Ziva mendecis pelan. Ia mengurungkan niatnya untuk menghubungi pria itu dan berencana untuk segera tidur. Walau bagaimanapun hari sudah semakin larut, dan besok pagi Ziva harus bangun pagi untuk berangkat ke sekolah.

Namun, saat Ziva ingin memejamkan mata, suara getaran handphone dari atas meja belajarnya berdering begitu kencang. Ziva tersentak kaget. Spontan ia langsung mengangkat tubuhnya untuk menerima panggilan telepon dari sebuah nomor yang diberi nama 'Capar.'

Ziva tersenyum kaku. Dengan jantung yang bergetar hebat akhirnya gadis itu berani untuk mengangkat panggilan dari nomor tersebut.

"Hallo ..." sapa seseorang di seberang sana.

Ziva diam.

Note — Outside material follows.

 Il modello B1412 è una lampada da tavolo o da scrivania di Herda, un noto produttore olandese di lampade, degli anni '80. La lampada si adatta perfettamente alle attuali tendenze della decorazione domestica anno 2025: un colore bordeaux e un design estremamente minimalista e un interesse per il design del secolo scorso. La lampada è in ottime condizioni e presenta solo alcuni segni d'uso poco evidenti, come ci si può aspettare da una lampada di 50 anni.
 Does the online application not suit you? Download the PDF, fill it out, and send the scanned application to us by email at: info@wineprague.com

Ia tak tau harus berbicara apa. Rasanya semua kata-kata yang telah terangkai di dalam otaknya langsung menghilang begitu saja digantikan dengan rasa gugup yang begitu luar biasa.

"Kamu udah tidur ya, Ziv?" sambung orang itu lagi, "Aku cuma mau ngasitau kalau aku udah sampai."

Ziva masih diam.

"Yaudah deh kalau kamu udah tidur. Aku tutup teleponnya ya? Sela --"

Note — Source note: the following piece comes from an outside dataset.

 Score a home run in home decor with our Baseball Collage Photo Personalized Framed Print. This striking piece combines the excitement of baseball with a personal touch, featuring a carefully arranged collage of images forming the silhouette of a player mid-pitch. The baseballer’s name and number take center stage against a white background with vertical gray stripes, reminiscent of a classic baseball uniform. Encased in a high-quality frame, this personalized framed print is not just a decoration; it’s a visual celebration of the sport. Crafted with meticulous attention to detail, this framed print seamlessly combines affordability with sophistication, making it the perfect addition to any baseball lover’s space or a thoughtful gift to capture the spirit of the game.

"Tunggu!" potong Ziva cepat tak ingin menyudahi pembicaraan mereka, "Tadi gue dipanggil sama bang Andre, jadi gue gak fokus dengerin lo ngomong. Oh iya, tadi lo mau bicara apaan Der?" tanya Ziva berbohong.

Gadis itu memang sungguh luar biasa. Ia sangat jago merubah keadaan seolah-olah tidak mendengarkan semua perkataan Derviano. Padahal kenyataannya ia sangat gugup. Ia tidak mampu mengontrol degupan jantungnya yang bergetar tak karuan. Oleh sebab itulah Ziva mencari alasan yang sebenarnya cukup masuk akal untuk dicerna.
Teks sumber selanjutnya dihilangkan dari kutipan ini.